ASSIGNMENT: In this exercise, write out the data word for word and leave every image out.

DATA EXCERPT:
========================

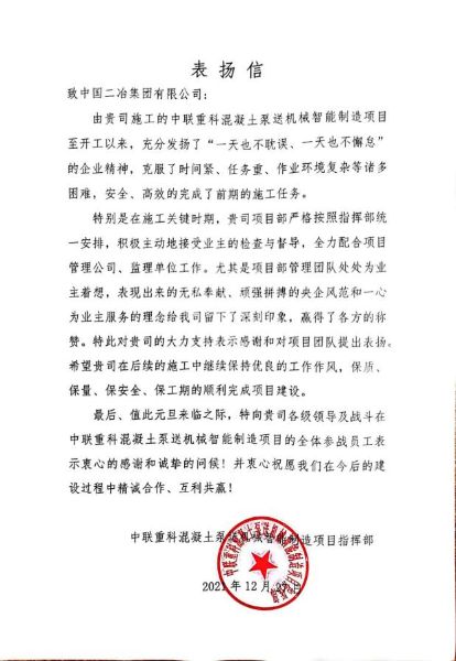 12月27日,中聯(lián)重科混凝土泵送機(jī)械智能制造項(xiàng)目指揮部向中國(guó)二冶致表?yè)P(yáng)信,對(duì)中國(guó)二冶項(xiàng)目部安全高效的完成項(xiàng)目前期施工任務(wù)表示感謝。信中指出,在施工關(guān)鍵時(shí)期,中國(guó)二冶中聯(lián)重科項(xiàng)目部嚴(yán)格按照指揮部統(tǒng)一安排,積極主動(dòng)地接受業(yè)主的檢查與督導(dǎo),全力配合項(xiàng)目管理公司、監(jiān)理單位工作。特別是項(xiàng)目管理團(tuán)隊(duì)處處為業(yè)主著想及吃苦耐勞,頑強(qiáng)拼搏的工作作風(fēng)給我們留下了深刻印象,贏得了各方的稱贊。希望中國(guó)二冶項(xiàng)目團(tuán)隊(duì)在后續(xù)的施工中繼續(xù)保持優(yōu)良的工作作風(fēng),保質(zhì)、保量、保安全、保工期的順利完成項(xiàng)目建設(shè)任務(wù)。
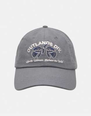 Pull&Bear - Pet met 'Outlands Div'-print in grijs/blauw
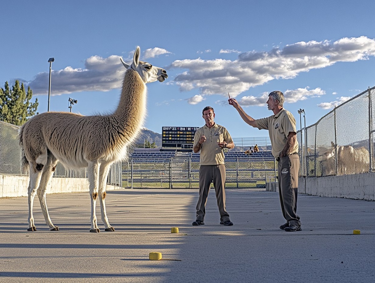 Создано на основе запроса: a photograph of a llama spitting contest
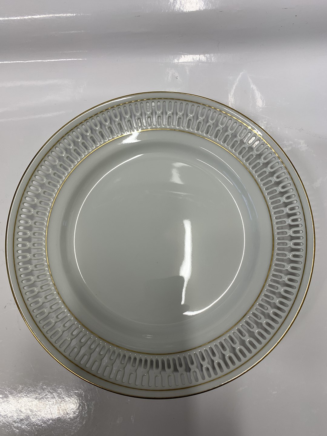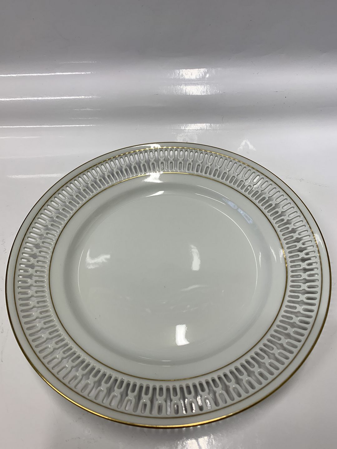 Bing & Grøndahl, Haga, Frokosttallerken med guld og gennembrudt kant. Dek. Nr. 326.

========================

YOUR RESPONSE:
 12月27日,中聯(lián)重科混凝土泵送機(jī)械智能制造項(xiàng)目指揮部向中國(guó)二冶致表?yè)P(yáng)信,對(duì)中國(guó)二冶項(xiàng)目部安全高效的完成項(xiàng)目前期施工任務(wù)表示感謝。信中指出,在施工關(guān)鍵時(shí)期,中國(guó)二冶中聯(lián)重科項(xiàng)目部嚴(yán)格按照指揮部統(tǒng)一安排,積極主動(dòng)地接受業(yè)主的檢查與督導(dǎo),全力配合項(xiàng)目管理公司、監(jiān)理單位工作。特別是項(xiàng)目管理團(tuán)隊(duì)處處為業(yè)主著想及吃苦耐勞,頑強(qiáng)拼搏的工作作風(fēng)給我們留下了深刻印象,贏得了各方的稱贊。希望中國(guó)二冶項(xiàng)目團(tuán)隊(duì)在后續(xù)的施工中繼續(xù)保持優(yōu)良的工作作風(fēng),保質(zhì)、保量、保安全、保工期的順利完成項(xiàng)目建設(shè)任務(wù)。
 Pull&Bear - Pet met 'Outlands Div'-print in grijs/blauw
 Создано на основе запроса: a photograph of a llama spitting contest
 Bing & Grøndahl, Haga, Frokosttallerken med guld og gennembrudt kant. Dek. Nr. 326.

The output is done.